第一章⑪

 駅に向かう道中、礼央との間に会話はなかった。

 さっきは少し怒っているように感じたけれど、礼央の横顔は涼しげで、すっかりいつも通りに見える。

 そもそも、爽良は礼央が怒っているところなんて見たことがなく、今となれば、勘違いだと思えなくもなかった。

 爽良は黙って歩きながら、ぼんやりと、さっき御堂に言った「解決しなきゃいけない問題」のことを考える。

 中でももっとも悩ましいのは、言うまでもなく父のこと。猛反対されるのは確実だし、怒鳴る父を想像しただけで心がどんよりと重くなった。

 そして、それ以外にも爽良にとって重要な問題がある。まさに、隣を歩いている礼央のことだ。

 鳳銘館にいたいという意思ははっきりしたものの、それはつまり、もうこれまでのように礼央と会えなくなることを意味する。

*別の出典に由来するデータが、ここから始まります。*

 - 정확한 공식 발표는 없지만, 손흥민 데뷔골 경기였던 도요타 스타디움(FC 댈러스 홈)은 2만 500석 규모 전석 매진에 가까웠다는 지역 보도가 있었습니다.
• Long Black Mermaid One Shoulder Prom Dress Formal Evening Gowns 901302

 もう二人ともいい大人だし、いつかはそんな日が来るだろうと思っていたけれど、いざ現実味を帯びると心細くて仕方がなかった。

「──おじさんに、なんて言うの」

 ふいに問いかけられたのは、帰りの電車の中。

 ぼんやり考えごとをしていた爽良は、ハッと我に返った。

「えっと……、まだ、考えてない」

「そう」

「……どうして?」

「援護、必要だったら言って」

「援護……?」

 それは、少し意外な申し出だった。

 驚く爽良を他所よそに、礼央は携帯ゲームを開き、もはや爽良の言葉を聞いているのかどうかすらわからない。

「……ありがとう」

 爽良はひとまずお礼を言い、シートに背中を預ける。

 休日に電車に乗ることはほとんどないが、夕方なのにずいぶんいていて、なんだか知らない場所に向かっているかのような錯覚を覚えた。

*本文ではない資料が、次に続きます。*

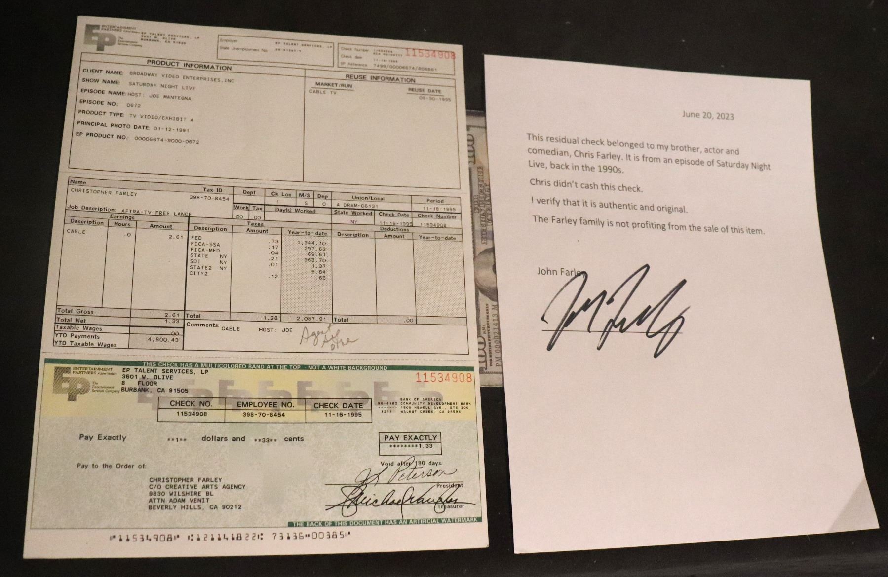 CHRIS FARLEY JOE MANTEGNA SATURDAY NIGHT LIVE SNL ROYALTY CHECK W LOA!
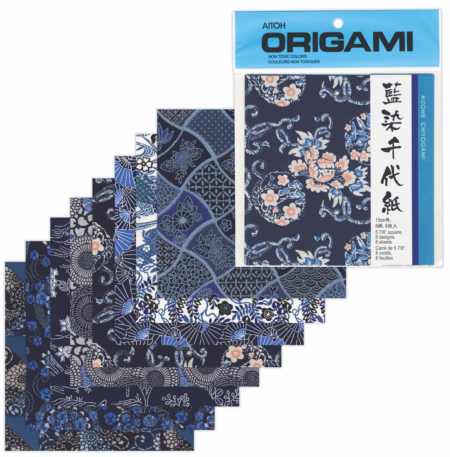 Aitoh Origami Paper 5.87"X5.87" 8/Pkg-Aizome Chiyogami
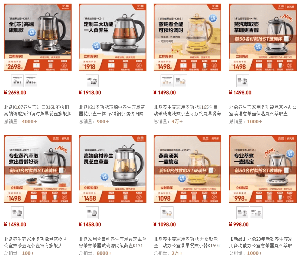 值得一提的是,據(jù)“奧維云網(wǎng)”數(shù)據(jù)顯示,養(yǎng)生壺品類2023年6月的月度均價(jià)為121元,而北鼎的養(yǎng)生壺能賣到上千元。在北鼎的天貓旗艦店里,最貴的一款養(yǎng)生壺售價(jià)達(dá)2698元,顯示有4000 的購買量。

 まるで、自分の状況を反映しているようだと、爽良は思う。──そのとき。

「このゲーム、仕事で少しだけ関わったんだ」

 いつも通り唐突なタイミングで、礼央は携帯の画面を爽良に向けた。

 そこにはCMでよく見るタイトルが表示されていて、爽良は思わず身を乗り出す。

「え、すごい……。ゲームの仕事もするの……?」

「あまりしないけど、大学時代の先輩に頼まれたから。その人、フリーエンジニアの中では最高峰と名高い技術者なんだけど、ある日を境にバッサリ受注を減らしたから、得意先だった会社が悲鳴を上げてるみたい。なんでもその先輩、突然不動産会社に就職したらしくて」

「不動産会社に……? エンジニアとしてってこと?……そんなに高い技術を持ってる人が突然いち企業にって、なんだか少し珍しいような」

「ね。ま、変わった人だよ」

「ただ、個人的にはフリーランスって大変なイメージがあるから、わからなくもないかな……。礼央は全然大丈夫そうだけど」

「俺は手堅い仕事しかしないから」

「……礼央っぽい」

「けど」

 意味深に止まった言葉に、爽良の心が少しざわめく。

 礼央は相変わらず無表情のまま、携帯をポケットに仕舞うと、涼しげな目を爽良に向けた。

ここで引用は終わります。